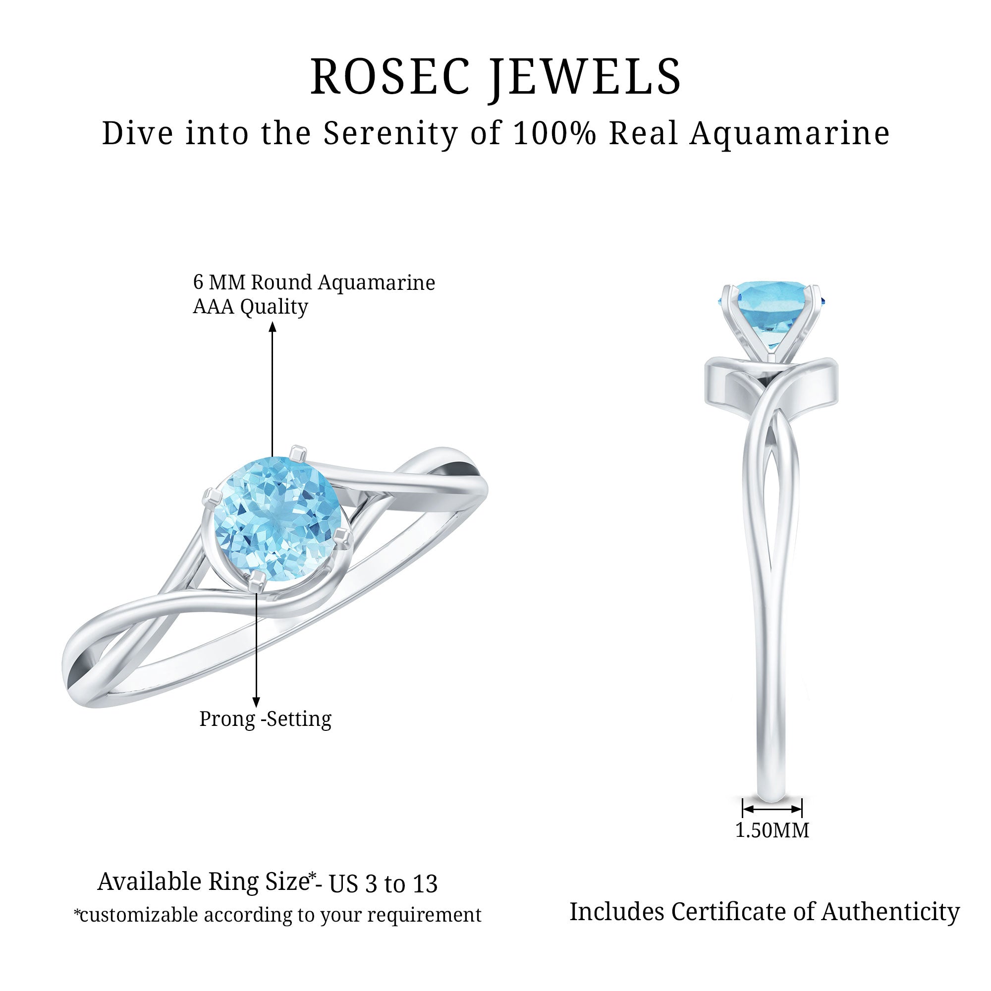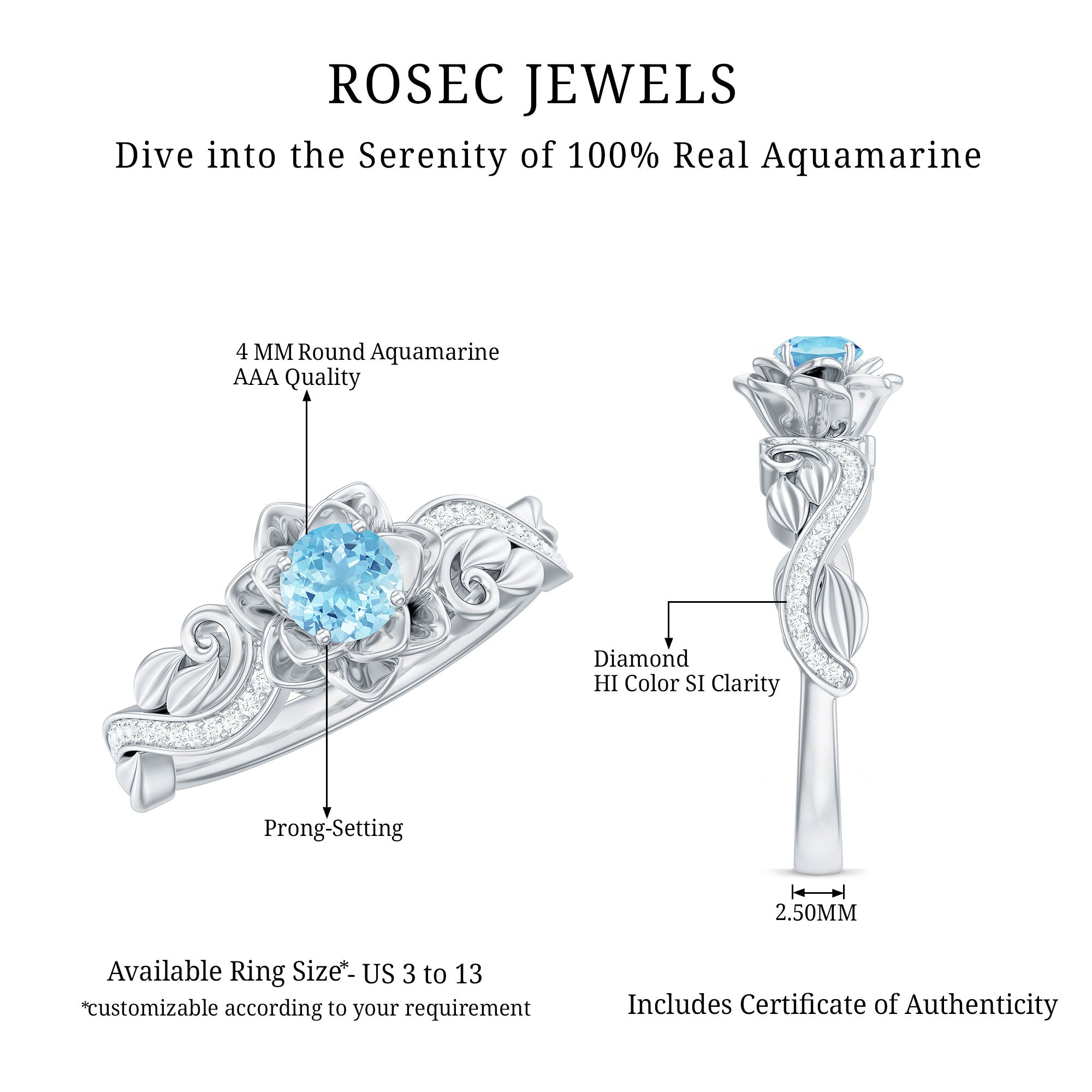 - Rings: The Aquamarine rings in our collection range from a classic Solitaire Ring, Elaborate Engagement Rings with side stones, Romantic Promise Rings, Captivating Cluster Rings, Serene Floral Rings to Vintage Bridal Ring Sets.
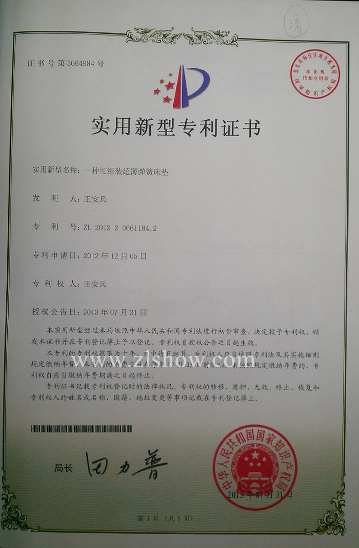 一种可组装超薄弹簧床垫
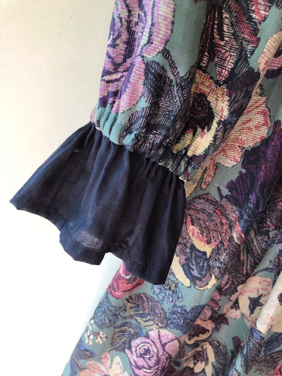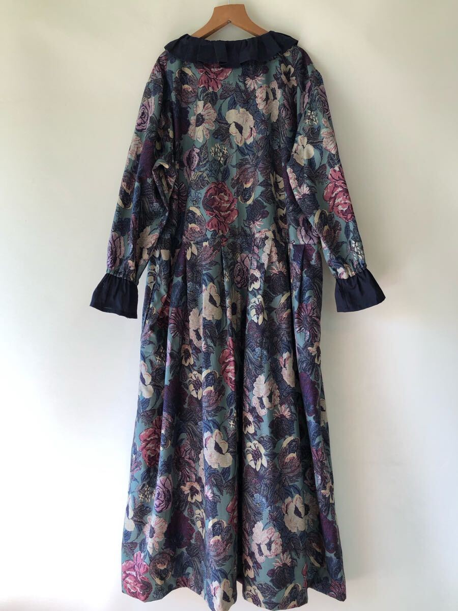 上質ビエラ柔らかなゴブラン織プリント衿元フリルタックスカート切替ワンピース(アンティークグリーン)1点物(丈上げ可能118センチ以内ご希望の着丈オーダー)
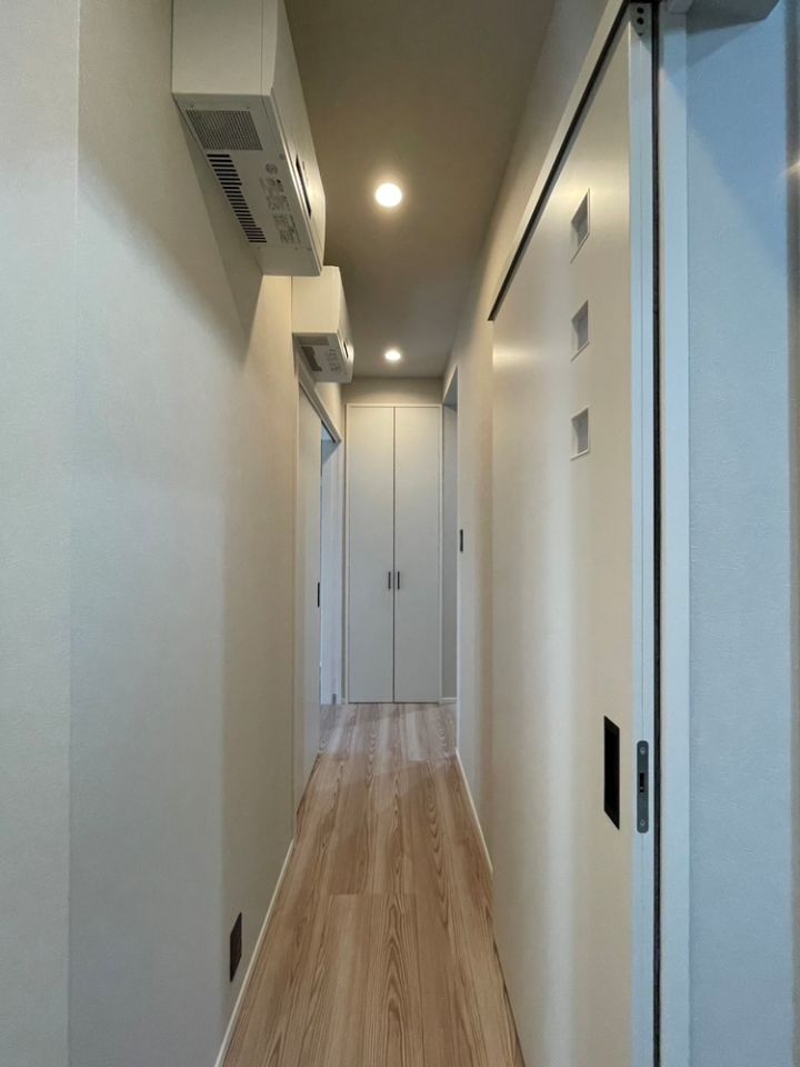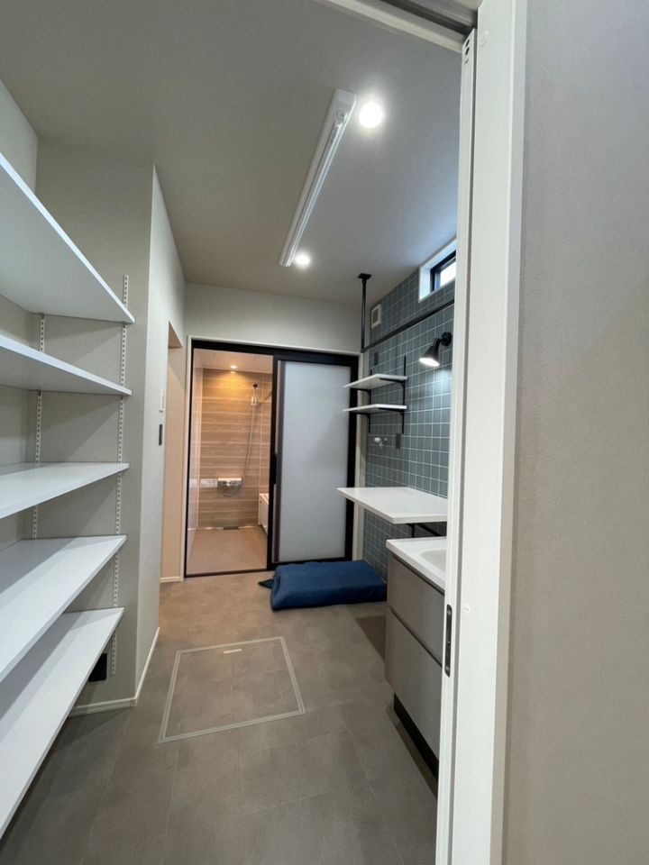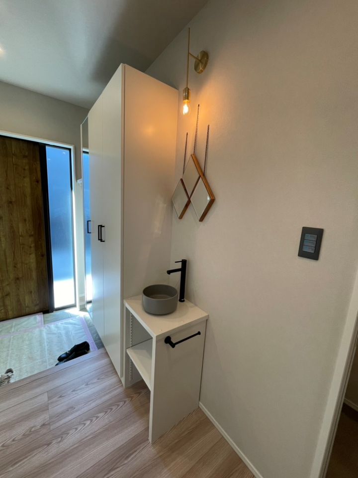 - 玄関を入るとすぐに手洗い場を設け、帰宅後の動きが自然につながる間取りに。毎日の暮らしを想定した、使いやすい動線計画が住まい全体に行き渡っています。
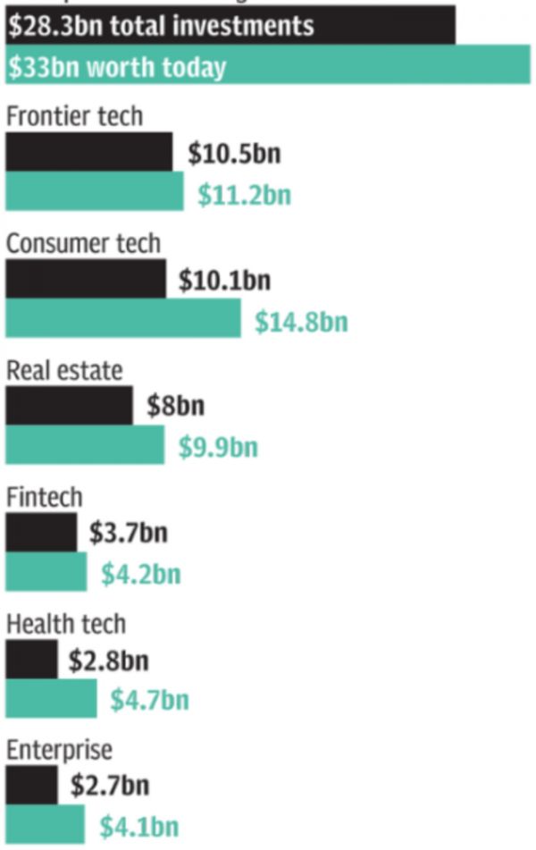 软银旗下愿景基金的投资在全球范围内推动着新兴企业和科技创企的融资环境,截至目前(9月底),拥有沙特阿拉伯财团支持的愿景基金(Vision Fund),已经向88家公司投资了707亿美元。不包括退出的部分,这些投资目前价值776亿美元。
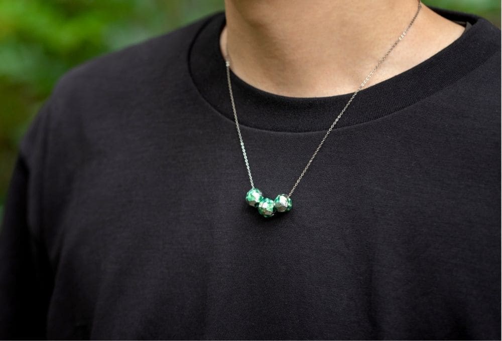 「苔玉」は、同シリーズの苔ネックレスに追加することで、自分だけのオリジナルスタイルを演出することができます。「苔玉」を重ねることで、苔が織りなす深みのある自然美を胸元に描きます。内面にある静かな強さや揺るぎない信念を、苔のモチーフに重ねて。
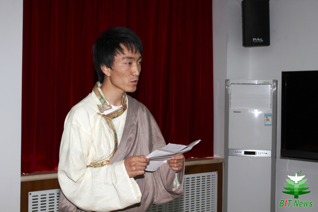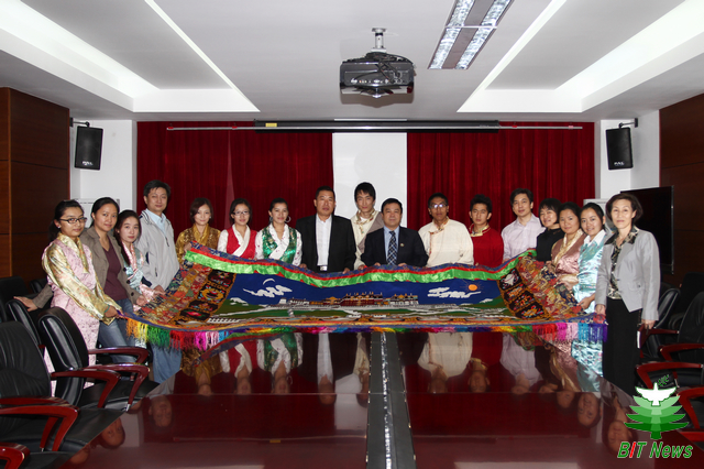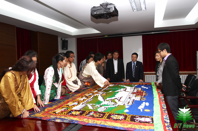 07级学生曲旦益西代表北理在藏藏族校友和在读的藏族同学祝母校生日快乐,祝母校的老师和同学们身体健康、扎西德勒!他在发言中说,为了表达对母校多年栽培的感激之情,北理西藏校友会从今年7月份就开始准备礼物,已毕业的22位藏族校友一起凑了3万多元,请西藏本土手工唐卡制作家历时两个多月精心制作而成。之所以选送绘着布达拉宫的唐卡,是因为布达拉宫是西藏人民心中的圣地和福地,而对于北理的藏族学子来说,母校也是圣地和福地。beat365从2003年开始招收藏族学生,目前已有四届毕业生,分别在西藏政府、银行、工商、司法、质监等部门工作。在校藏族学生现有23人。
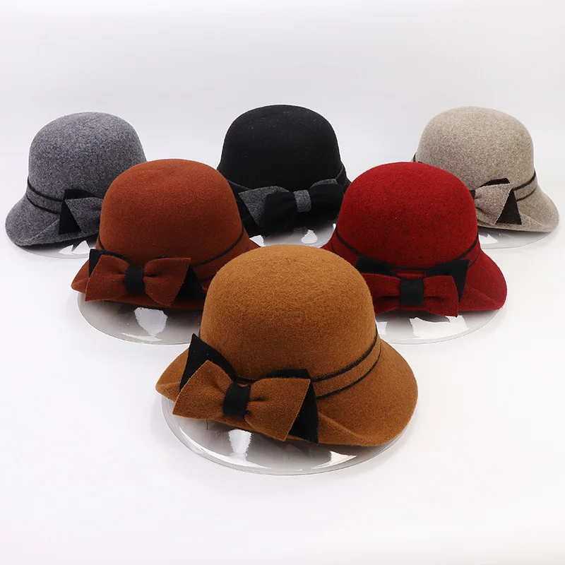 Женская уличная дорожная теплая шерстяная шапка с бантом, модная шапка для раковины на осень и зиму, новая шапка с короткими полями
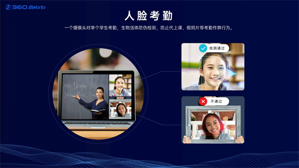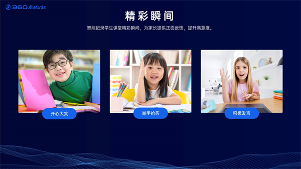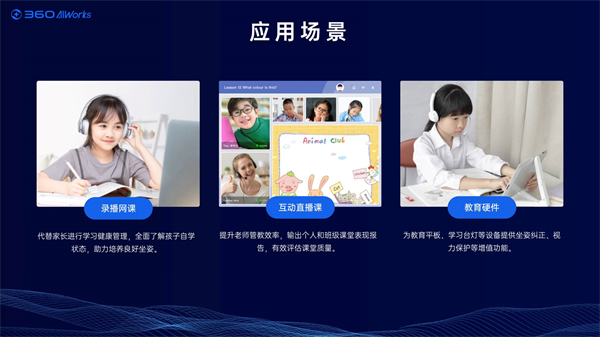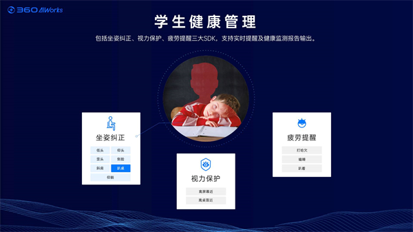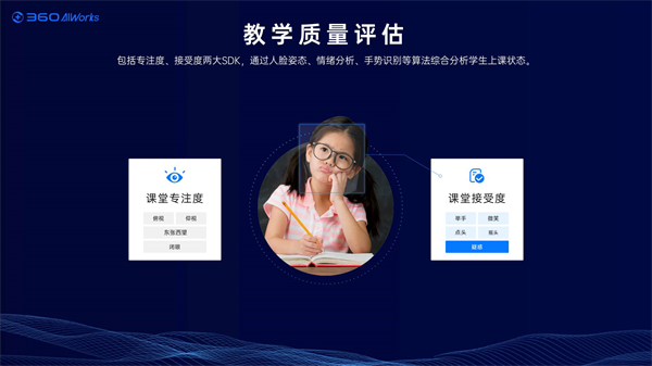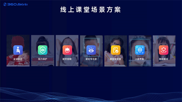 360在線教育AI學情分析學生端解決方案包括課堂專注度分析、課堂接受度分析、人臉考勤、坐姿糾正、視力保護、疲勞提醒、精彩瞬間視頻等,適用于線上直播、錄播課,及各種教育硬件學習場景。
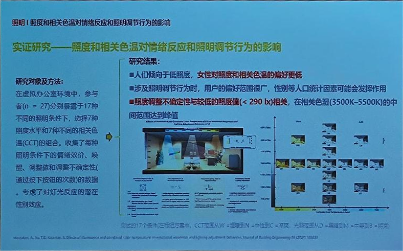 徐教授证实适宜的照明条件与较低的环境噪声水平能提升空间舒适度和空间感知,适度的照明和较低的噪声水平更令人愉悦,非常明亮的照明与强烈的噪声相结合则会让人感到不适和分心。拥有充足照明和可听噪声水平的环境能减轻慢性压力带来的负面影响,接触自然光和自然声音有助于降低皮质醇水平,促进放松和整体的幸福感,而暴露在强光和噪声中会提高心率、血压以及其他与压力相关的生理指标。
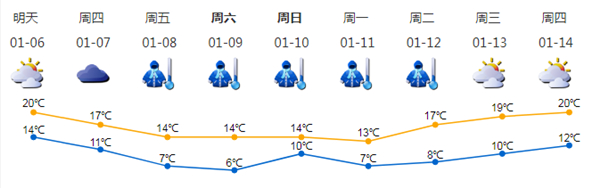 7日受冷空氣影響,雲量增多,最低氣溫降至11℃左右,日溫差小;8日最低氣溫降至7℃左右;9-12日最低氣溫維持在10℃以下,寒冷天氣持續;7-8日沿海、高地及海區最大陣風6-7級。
┄┄┄┄┄┄┄┄┄┄
* Task statement
Output exactly the stretch of the listing that begins at the line containing "- 玄関を入るとすぐに手洗い" and ends at the line containing "软银旗下愿景基金的投资在全球", both kept. Omit pictures and everything else.

* Solved exercise
 - 玄関を入るとすぐに手洗い場を設け、帰宅後の動きが自然につながる間取りに。毎日の暮らしを想定した、使いやすい動線計画が住まい全体に行き渡っています。
 软银旗下愿景基金的投资在全球范围内推动着新兴企业和科技创企的融资环境,截至目前(9月底),拥有沙特阿拉伯财团支持的愿景基金(Vision Fund),已经向88家公司投资了707亿美元。不包括退出的部分,这些投资目前价值776亿美元。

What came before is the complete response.